> **What you have to do**:
Output exactly, in the material below, the lines from the one with "O projeto arquitetônico" through the one with "Wizyta u Konsula". Omit all pictures.

□ □ □ □

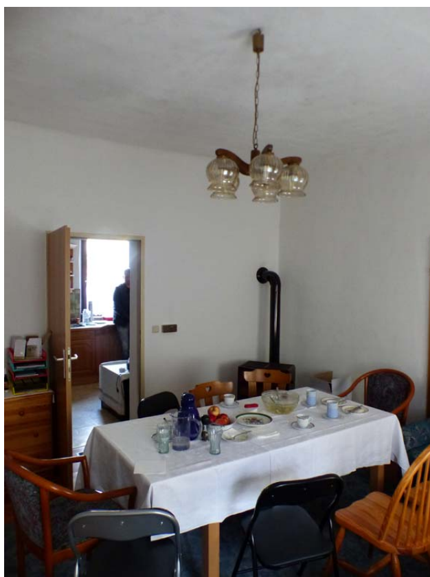
Bild 26 EG Wohnraum an der Nordwestseite mit Zugang von der Küche
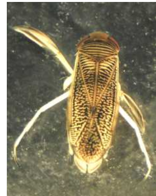
Corixa, Sigara , - klešťanka 0,5-1,3 cm
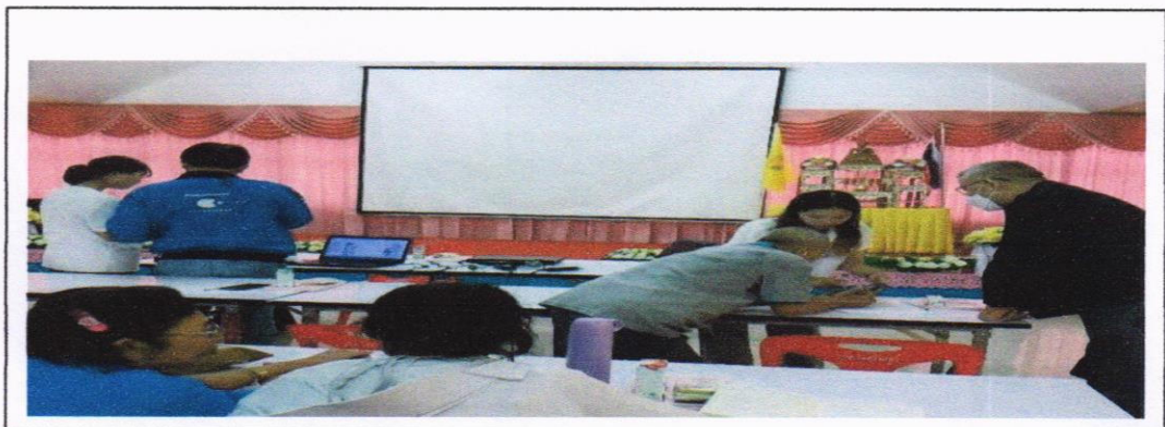
ภาพที่ 2 การสร้างองค์ความรู้ เพิ่มรายได้ สร้างอาชีพให้ผู้สูงอายุจากการตลาดสมัยใหม่
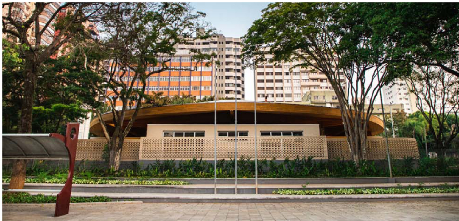
O projeto da EMEI Cleide Rosa Auricchio é modelo de sustentabilidade, que integra a unidade escolar à Praça Luiz Olinto Tortorello. O convívio com o espaço verde da praça, incluindo uma horta, é incorporado aos conteúdos pedagógicos da escola

O projeto arquitetônico da EMEI (Escola Municipal de Educação Infantil) Cleide Rosa Auricchio,
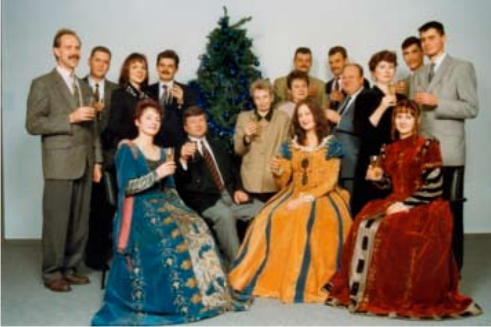
Draudimo bendrovės „Verslo draudimas“ kolektyvas pasitinka 1998 metus.
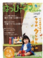
▲はっぴーママ いしかわ
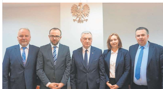
Wizyta u Konsula Generalnego RP w Winnicy Damiana Ciarcińskiego.
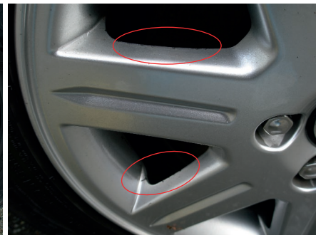
Afbeelding 11 De randen zijn aangetast door remstof en ander vuil (zie in de elipsen).
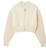
SFPCA00829 H23BAREY 275€ / 185€ £309 / £207
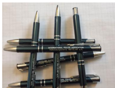
Kugelschreiber 1.- €

□ □ □ □

> **Written solution**:
O projeto arquitetônico da EMEI (Escola Municipal de Educação Infantil) Cleide Rosa Auricchio,
Draudimo bendrovės „Verslo draudimas“ kolektyvas pasitinka 1998 metus.
▲はっぴーママ いしかわ
Wizyta u Konsula Generalnego RP w Winnicy Damiana Ciarcińskiego.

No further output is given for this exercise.